Pick out each line of the records that includes the string "were", and copy it.

[DATA FOR THIS EXERCISE — start]

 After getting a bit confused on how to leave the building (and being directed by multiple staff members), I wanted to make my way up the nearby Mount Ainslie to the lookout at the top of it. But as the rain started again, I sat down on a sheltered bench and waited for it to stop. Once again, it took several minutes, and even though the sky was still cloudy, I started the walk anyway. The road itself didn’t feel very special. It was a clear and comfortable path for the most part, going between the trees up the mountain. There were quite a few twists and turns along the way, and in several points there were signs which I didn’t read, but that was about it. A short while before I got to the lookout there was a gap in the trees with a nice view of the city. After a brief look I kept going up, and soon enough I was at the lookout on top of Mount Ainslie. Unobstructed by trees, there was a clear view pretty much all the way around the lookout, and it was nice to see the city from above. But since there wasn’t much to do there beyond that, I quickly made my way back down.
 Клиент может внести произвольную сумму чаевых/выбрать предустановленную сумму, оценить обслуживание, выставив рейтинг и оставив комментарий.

[DATA FOR THIS EXERCISE — finish]
[DATA FOR THIS EXERCISE — start]

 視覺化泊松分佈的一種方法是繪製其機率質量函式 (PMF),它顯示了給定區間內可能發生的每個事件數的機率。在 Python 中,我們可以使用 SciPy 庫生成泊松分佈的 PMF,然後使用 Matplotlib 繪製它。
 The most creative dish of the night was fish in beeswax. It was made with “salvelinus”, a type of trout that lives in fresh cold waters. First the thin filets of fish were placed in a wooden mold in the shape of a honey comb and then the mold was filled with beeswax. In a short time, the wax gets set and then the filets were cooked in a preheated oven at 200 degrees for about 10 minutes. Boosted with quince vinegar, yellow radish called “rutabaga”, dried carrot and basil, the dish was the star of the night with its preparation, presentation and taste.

[DATA FOR THIS EXERCISE — finish]

RESPONSE ::
 After getting a bit confused on how to leave the building (and being directed by multiple staff members), I wanted to make my way up the nearby Mount Ainslie to the lookout at the top of it. But as the rain started again, I sat down on a sheltered bench and waited for it to stop. Once again, it took several minutes, and even though the sky was still cloudy, I started the walk anyway. The road itself didn’t feel very special. It was a clear and comfortable path for the most part, going between the trees up the mountain. There were quite a few twists and turns along the way, and in several points there were signs which I didn’t read, but that was about it. A short while before I got to the lookout there was a gap in the trees with a nice view of the city. After a brief look I kept going up, and soon enough I was at the lookout on top of Mount Ainslie. Unobstructed by trees, there was a clear view pretty much all the way around the lookout, and it was nice to see the city from above. But since there wasn’t much to do there beyond that, I quickly made my way back down.
 The most creative dish of the night was fish in beeswax. It was made with “salvelinus”, a type of trout that lives in fresh cold waters. First the thin filets of fish were placed in a wooden mold in the shape of a honey comb and then the mold was filled with beeswax. In a short time, the wax gets set and then the filets were cooked in a preheated oven at 200 degrees for about 10 minutes. Boosted with quince vinegar, yellow radish called “rutabaga”, dried carrot and basil, the dish was the star of the night with its preparation, presentation and taste.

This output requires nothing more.